Looking more at how the whole thing gets processed:

Am I understanding correctly that the gist of this would be to have a cascade of builds to get to the combined-end-product? First build documentation archives for each individual module, and then those build products become the inputs for the docc merge processing command?

If that's the case, what happens with the cross-references that can't be resolved in the earlier steps? Or am I presuming additional steps and the merge command will also construct and use the ExternalSymbolResolver with the contents from each of the various dependency modules being combined together?
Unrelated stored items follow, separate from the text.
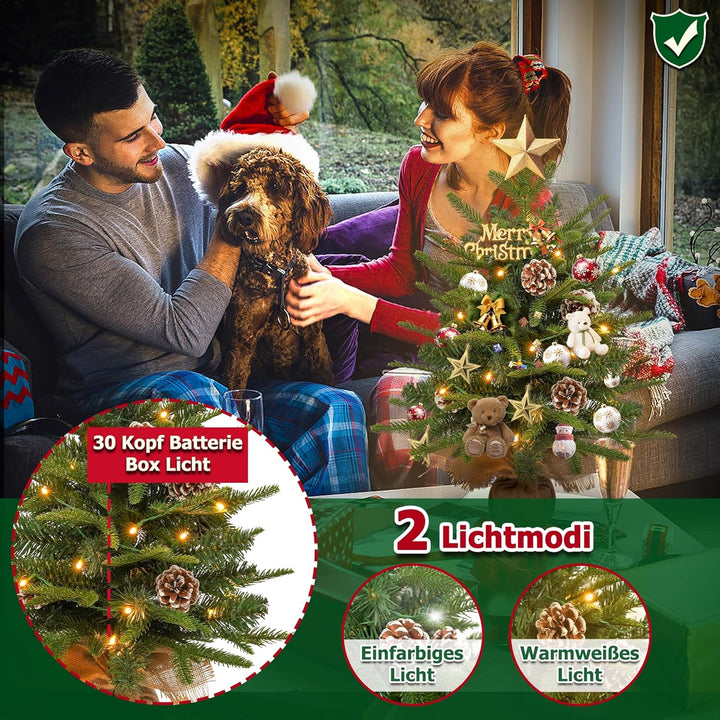 - 🎄Warmweisse LED-Beleuchtung:Mit 30 warmweissen LED-Lichtern zaubert dieser kleine Weihnachtsbaum eine sanfte und stimmungsvolle Beleuchtung in Ihr Zuhause. Dank der Batteriebetrieb-Box sind Sie nicht an Steckdosen gebunden und können den Baum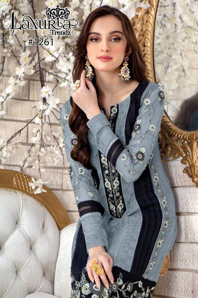 Buy Online Laxuria Trendz D No 1261 Georgette Kurti Bottom Duppata Collection Manufacturer Surat 5 Pcs of Full Catalogue at Wholesale Price. Looking for Laxuria Trendz D No 1261 Georgette Kurti Bottom Duppata Collection Manufacturer Surat Full Catalouge at Best Price? Buy Now Laxuria Trendz D No 1261 Georgette Kurti Bottom Duppata Collection Manufacturer Surat at Wholesale Rate of Rs 7750 with Total 5 Pcs from authroized dealer and supplier of Brand. Cost of Each piece is just only Rs 1550 which is very low and affordable price to resale the product in your retail store ,This is Surat based Wholesale Supplier & Dealer of Brand. Click on Brand name to Know more about Brand's products.Call or Whatsapp on 9898838984 for booking or enquiry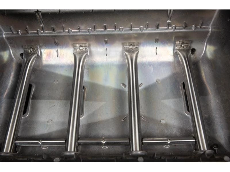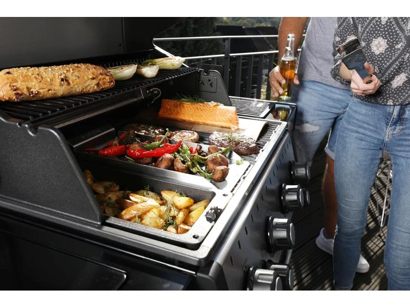 11.4 kWh Edelstahlrohrbrennersystem, 2.7 kWh starker Seitenbrenner, 4.4 kWh hinterer Drehspiessbrenner aus Edelstahl.

I guess I'm mostly trying to get a sense of what this command would look like if I have 5 or 10 dependencies that I want to bundle and render together with cross-links.

Does this remove the need for --emit-digest, or only for the merge use case? (I'm using it to extract a list of all the possible symbols within a module in order to see them "jumbled all together on the table" for when I go to organize/curate documentation). I do like this additional detail being included in the JSON.

I'd really hoped (and wanted) to be able to reference some of Apple's documentation - specifically Swift standard library, Foundation, Combine, and in some cases SwiftUI - to be able to reference the protocols, classes, or structs that are relevant to a library that extends on upon any of those. If that needs to be an explicit HTML link, so be it - but it would be a far nicer experience (IMO) to be able to use at least use a doc:// reference, and have some mechanism to let me know if that link was incorrect (didn't resolve) rather than post-processing through any rendered pages to verify that a link still resolves after it's rendered. That's overlaying a bit with your future directions, so I may just be wanting to jump to a flying-car style end-state here.

presumably, both colliding links would have to be written with the module name prefixed, just as you do in source.

they get resolved in the later steps. some kind of tiered link resolution architecture is inevitable once versioning enters the picture.

why do we even need the scheme to begin with? why can’t references to imported symbols "just work" like they do in source?

I love the convenience of symbols, and for the most part I'm sure they will just work, but they're all referenced from the context of a local page, and even adding a preceding / doesn't resolve between different canonical documentation references. The extended doc:// scheme does by including a hostname (or bundle ID in hostname form) in the middle, which is why I like it and will probably tend to use it when I can figure out (or have access to) additional resolver infrastructure to reference those external locations.

can you give an example of when leading slash would not be sufficient to disambiguate references?

Two modules, both named "Utility", from different authors.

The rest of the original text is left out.